NYPD Cyberstalked Black Teens In A 2012 Mission To Keep The City ‘Safe’

two policemen standing near a store
Zain Murdock
February 22, 2024

In 2012, the NYPD’s gang unit doubled in size ahead of a new operation: Operation Crew Cut. But it didn’t just take place on the streets. Using fake social media profiles, these cops manipulated their way into the digital world of Black youth as young as 12. 

Community members wanted an end to violence. But not like this.

Stop and Frisk hurt the mental and physical health of Black and Latinx youth, causing stress and fear, and was eventually banned by the courts in 2013. But now, there's a new issue: police are resorting to virtual stop-and-frisk tactics, using social media to watch people in a way that's similar to Stop and Frisk and resulting in historic gang raids.

2014’s raid on Harlem’s Grant and Manhattanville housing communities resulted in 103 arrests. In another raid in 2016, nearly 700 officers and agents arrested 120 people.

Instead, young Black men in New York were met with anti-Black policing tactics. NYPD made fake accounts or bought special tools to watch people on social media as a way to access private information without breaking privacy laws.

Columbia University also openly admitted to a “long-term collaboration” with the NYPD, claiming to want its students and faculty to feel safe. 

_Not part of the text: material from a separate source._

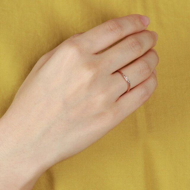 ななめに配したダイヤモンドとピンクゴールドのツヤ感が手元をエレガントに見せてくれそう。

Perhaps if the same desire to keep Ivy League undergraduates safe applied to the children in Harlem’s middle and high schools, the raids and surveillance wouldn’t have happened.

It may be too late to stop Operation Crew Cut. But this shows why we need new measures to control how social media companies work and to protect Black students from unfair treatment by the police on the internet until policing itself is dismantled.